### Task to carry out
In the data below, begin at the line with "Der Vicco Couchtisch" and stop after the line with "2019秋季女裝純色V領莫代爾打底衫韓版簡約上衣服T恤內搭韓版體恤1入"; output those lines exactly and no pictures.

### Input data

BEGIN

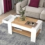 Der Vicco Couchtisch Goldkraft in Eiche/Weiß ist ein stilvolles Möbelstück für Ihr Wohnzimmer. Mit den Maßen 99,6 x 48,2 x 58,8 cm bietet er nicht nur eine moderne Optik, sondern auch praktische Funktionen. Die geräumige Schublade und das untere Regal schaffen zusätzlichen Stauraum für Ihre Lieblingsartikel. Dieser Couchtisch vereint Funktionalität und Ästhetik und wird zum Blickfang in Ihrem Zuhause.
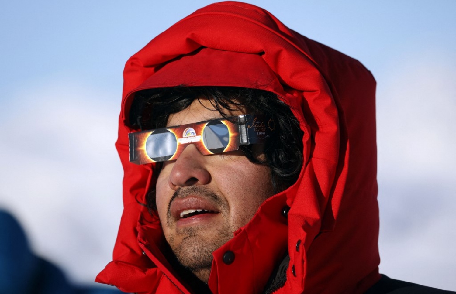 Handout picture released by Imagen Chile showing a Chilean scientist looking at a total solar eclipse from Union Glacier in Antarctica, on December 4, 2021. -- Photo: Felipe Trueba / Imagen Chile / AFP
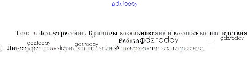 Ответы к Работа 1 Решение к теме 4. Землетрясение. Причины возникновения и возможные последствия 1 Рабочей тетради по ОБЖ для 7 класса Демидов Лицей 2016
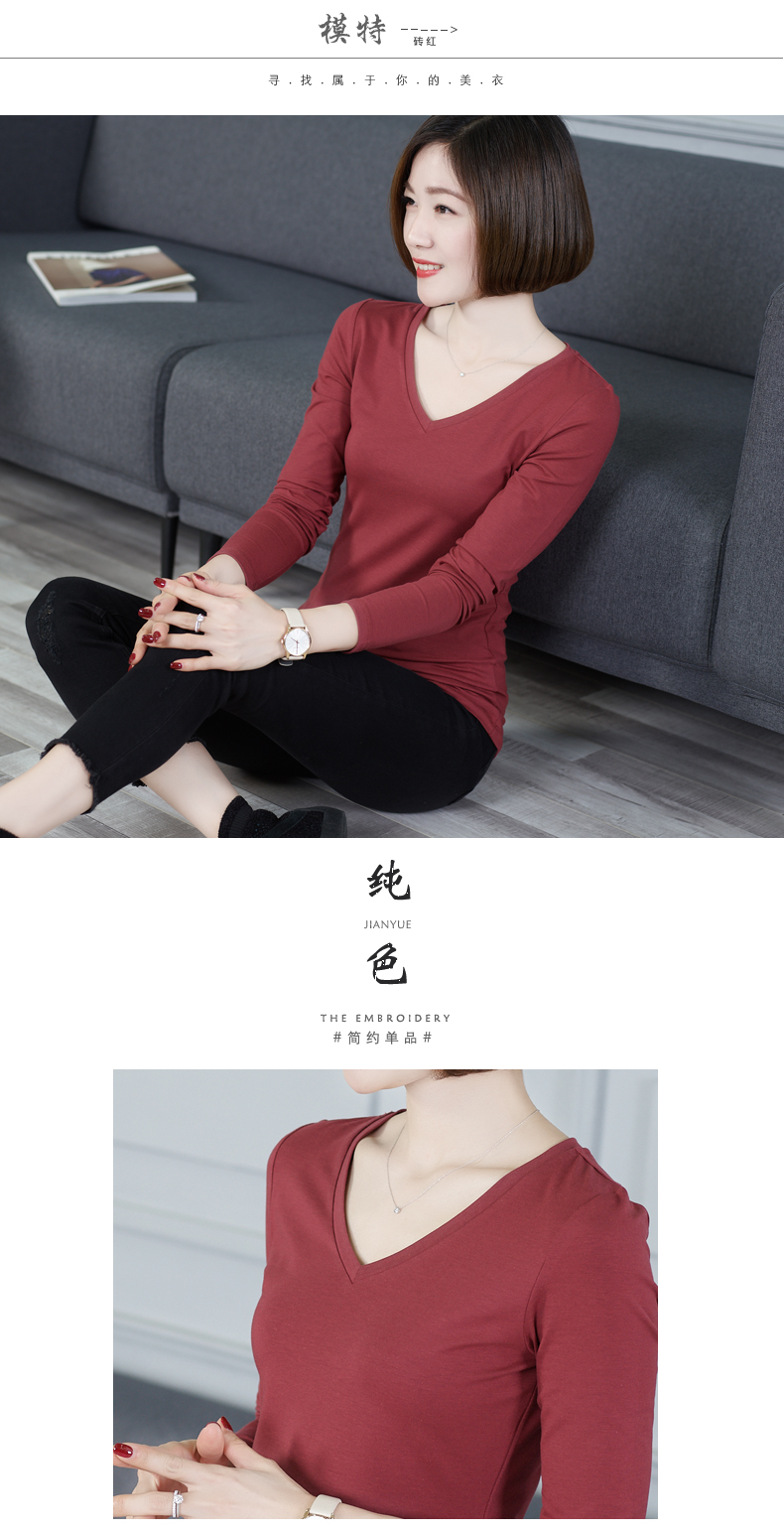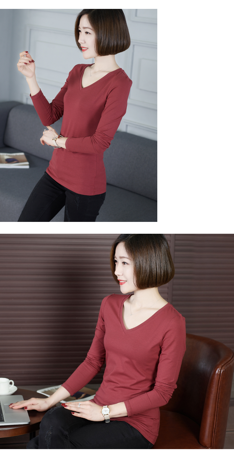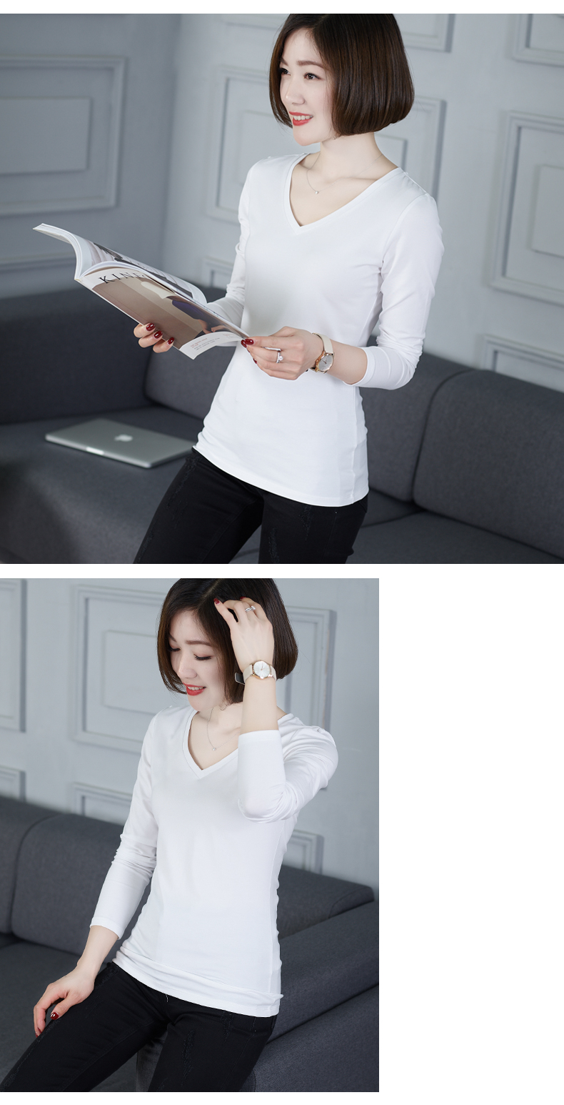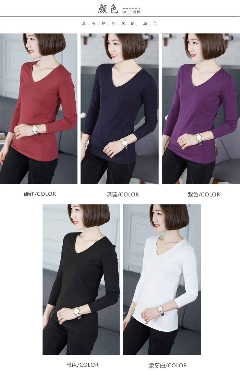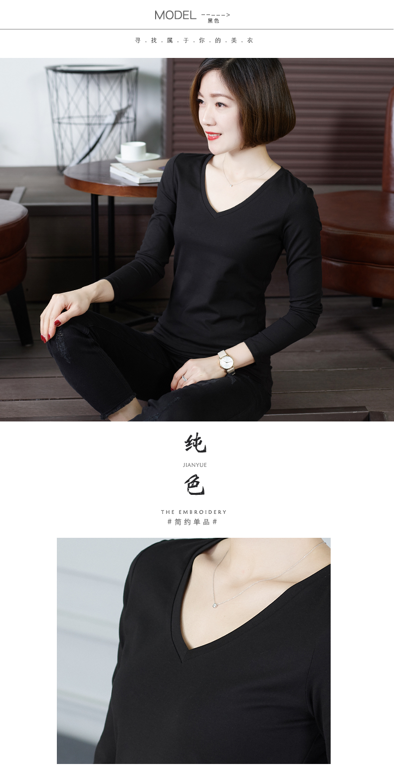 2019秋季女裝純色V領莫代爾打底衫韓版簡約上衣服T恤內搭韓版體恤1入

END
BEGIN

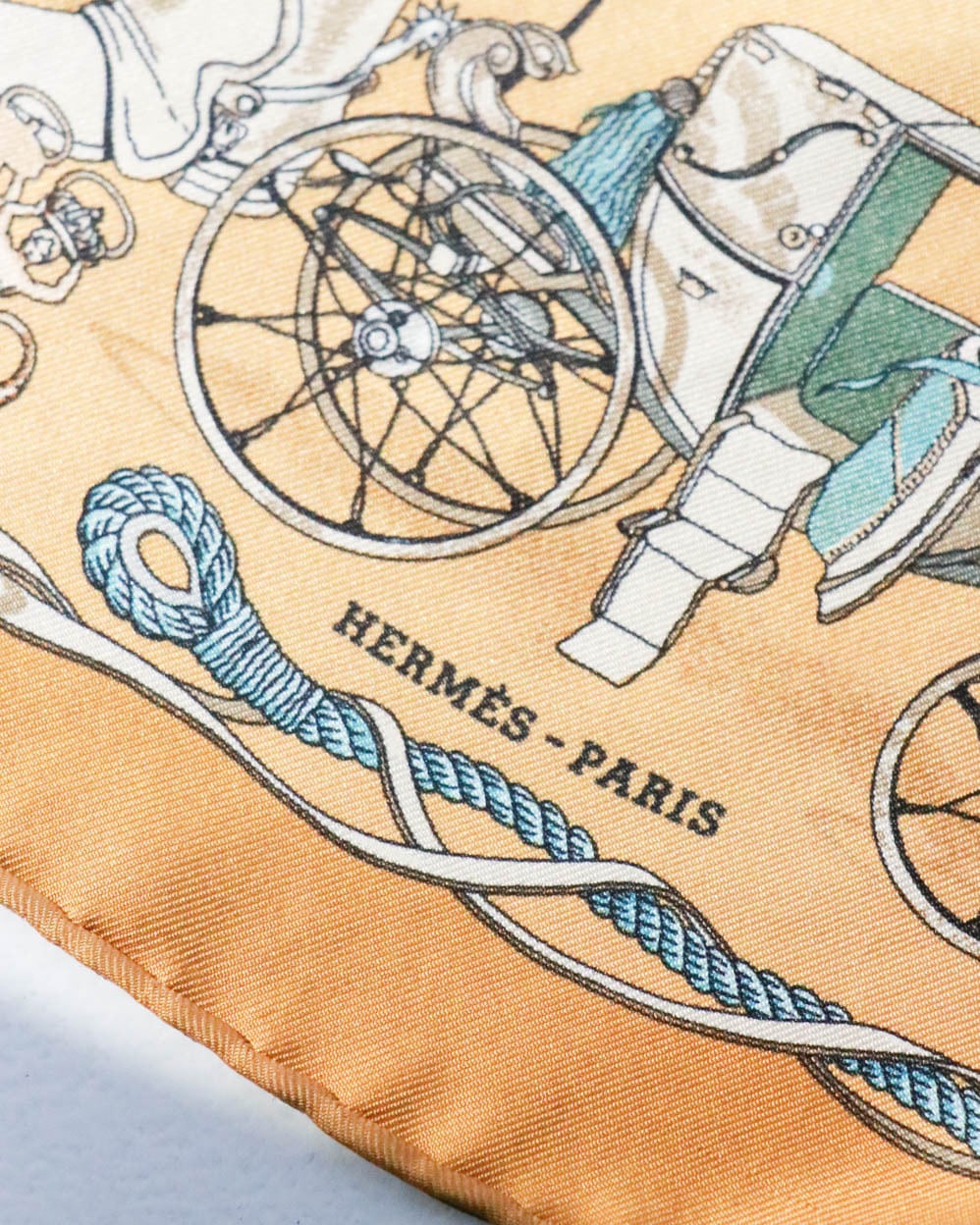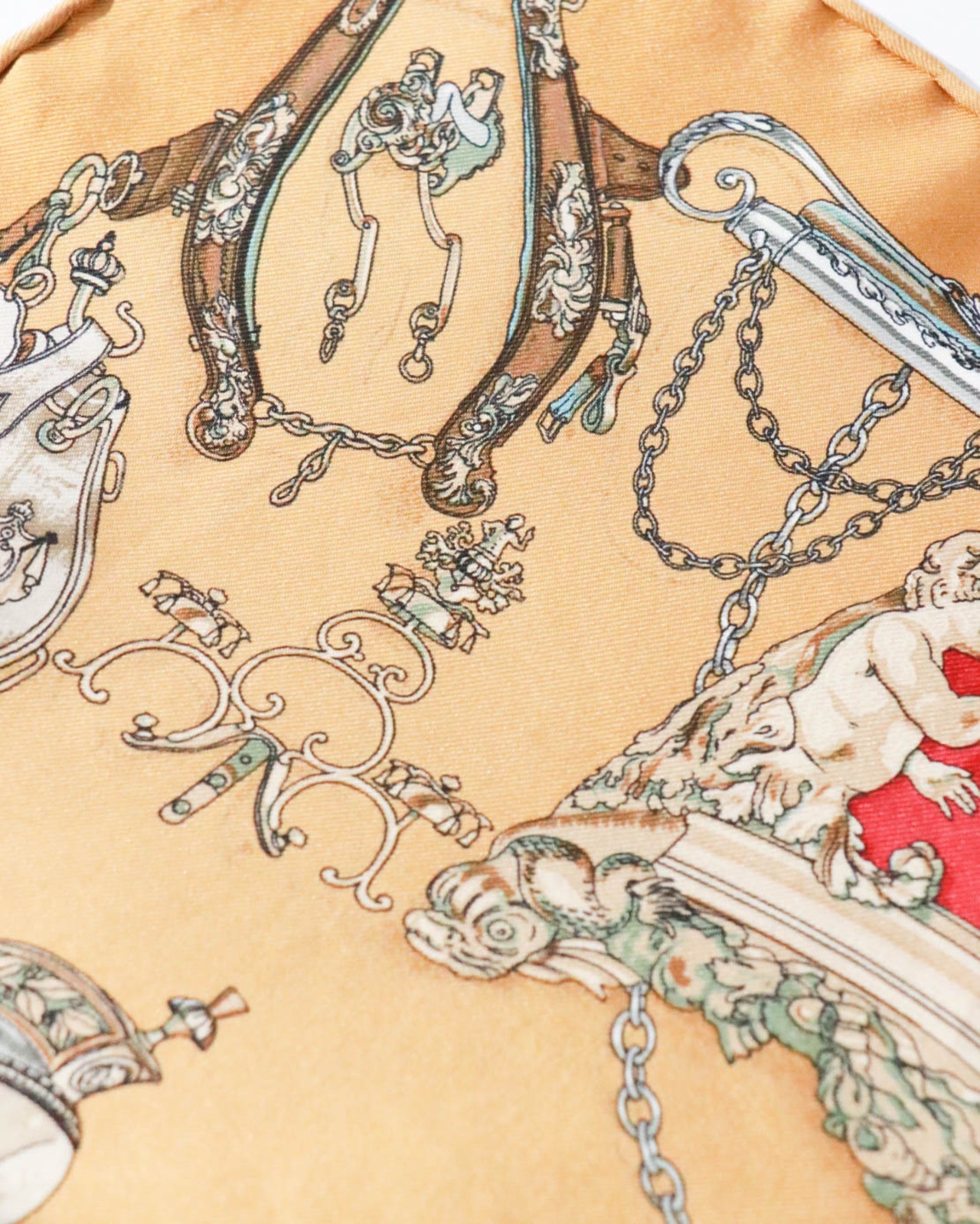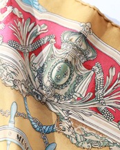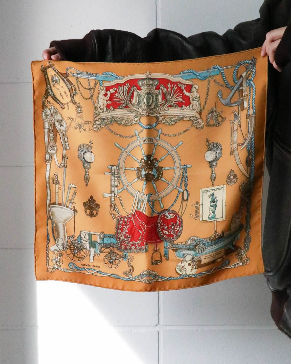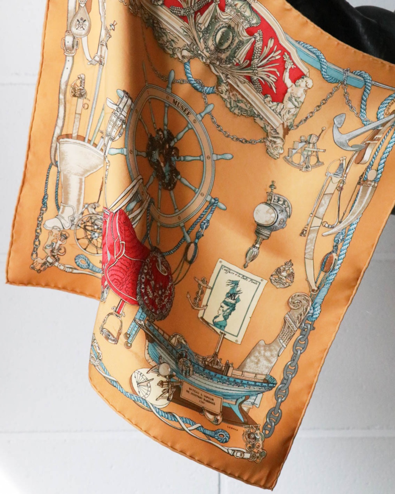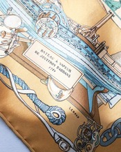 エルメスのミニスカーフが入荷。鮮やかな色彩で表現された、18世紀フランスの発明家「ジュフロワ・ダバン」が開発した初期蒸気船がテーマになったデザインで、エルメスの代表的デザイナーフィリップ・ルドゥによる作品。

END
BEGIN

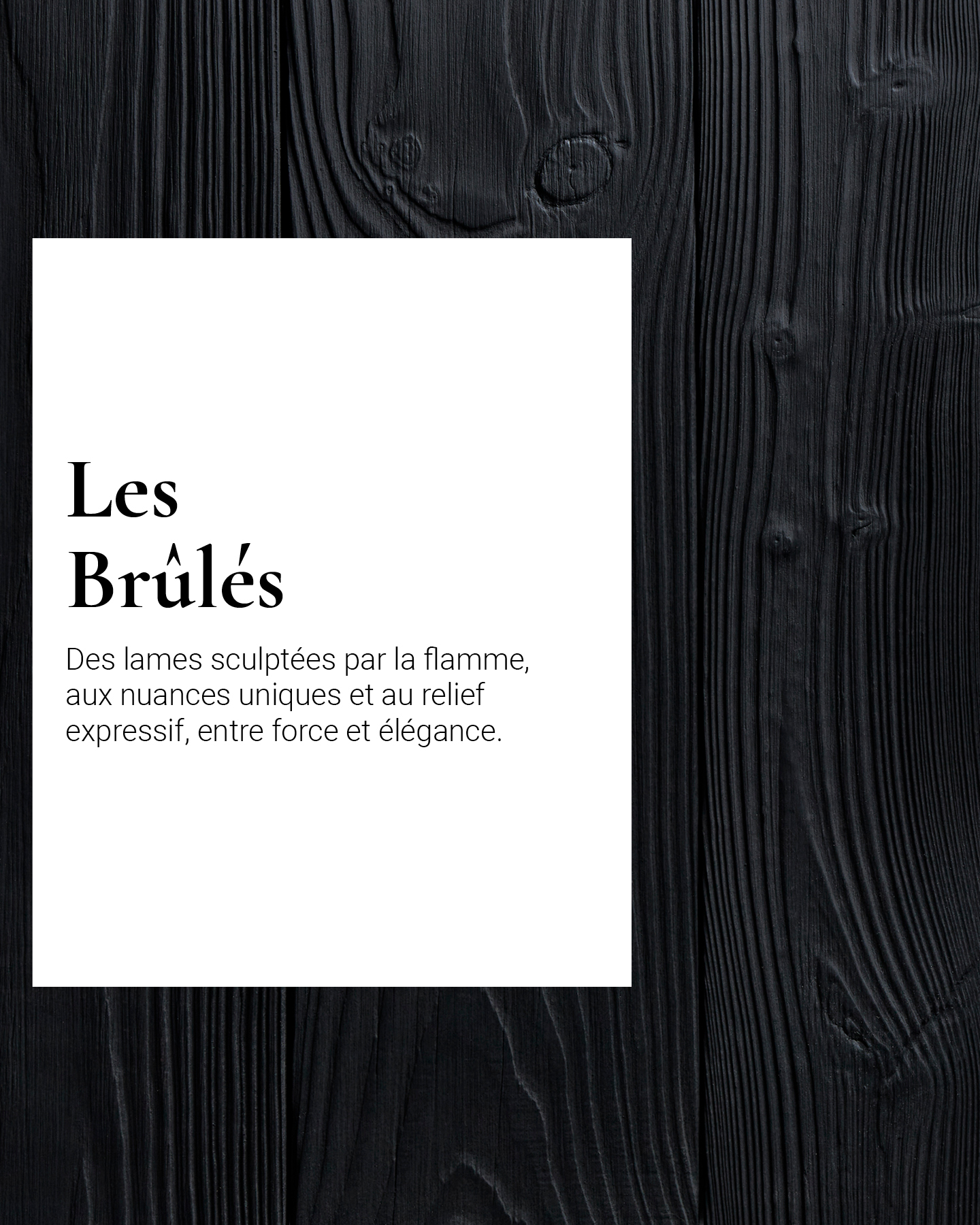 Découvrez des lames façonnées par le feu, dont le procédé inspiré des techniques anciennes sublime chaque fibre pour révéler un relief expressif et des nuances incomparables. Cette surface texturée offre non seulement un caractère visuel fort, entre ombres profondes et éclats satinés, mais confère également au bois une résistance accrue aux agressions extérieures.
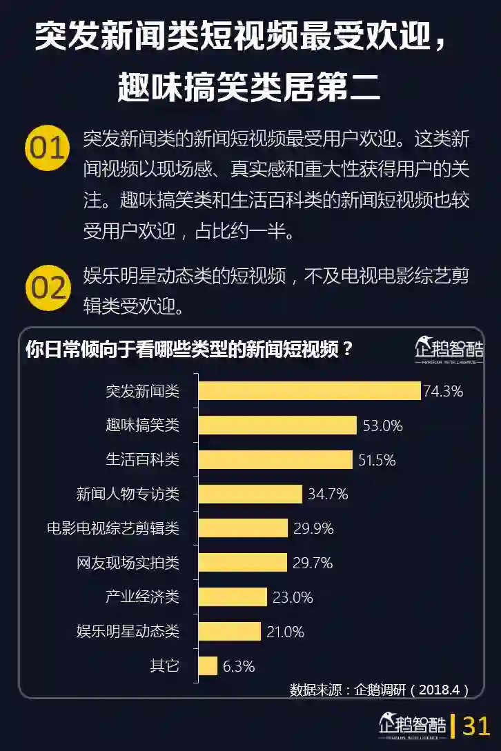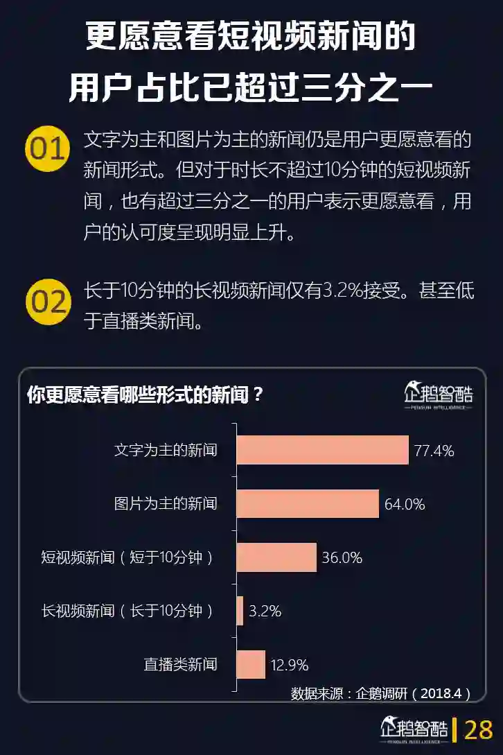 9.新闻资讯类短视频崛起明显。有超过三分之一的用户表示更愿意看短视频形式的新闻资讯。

END

### Result for this exercise
 Der Vicco Couchtisch Goldkraft in Eiche/Weiß ist ein stilvolles Möbelstück für Ihr Wohnzimmer. Mit den Maßen 99,6 x 48,2 x 58,8 cm bietet er nicht nur eine moderne Optik, sondern auch praktische Funktionen. Die geräumige Schublade und das untere Regal schaffen zusätzlichen Stauraum für Ihre Lieblingsartikel. Dieser Couchtisch vereint Funktionalität und Ästhetik und wird zum Blickfang in Ihrem Zuhause.
 Handout picture released by Imagen Chile showing a Chilean scientist looking at a total solar eclipse from Union Glacier in Antarctica, on December 4, 2021. -- Photo: Felipe Trueba / Imagen Chile / AFP
 Ответы к Работа 1 Решение к теме 4. Землетрясение. Причины возникновения и возможные последствия 1 Рабочей тетради по ОБЖ для 7 класса Демидов Лицей 2016
 2019秋季女裝純色V領莫代爾打底衫韓版簡約上衣服T恤內搭韓版體恤1入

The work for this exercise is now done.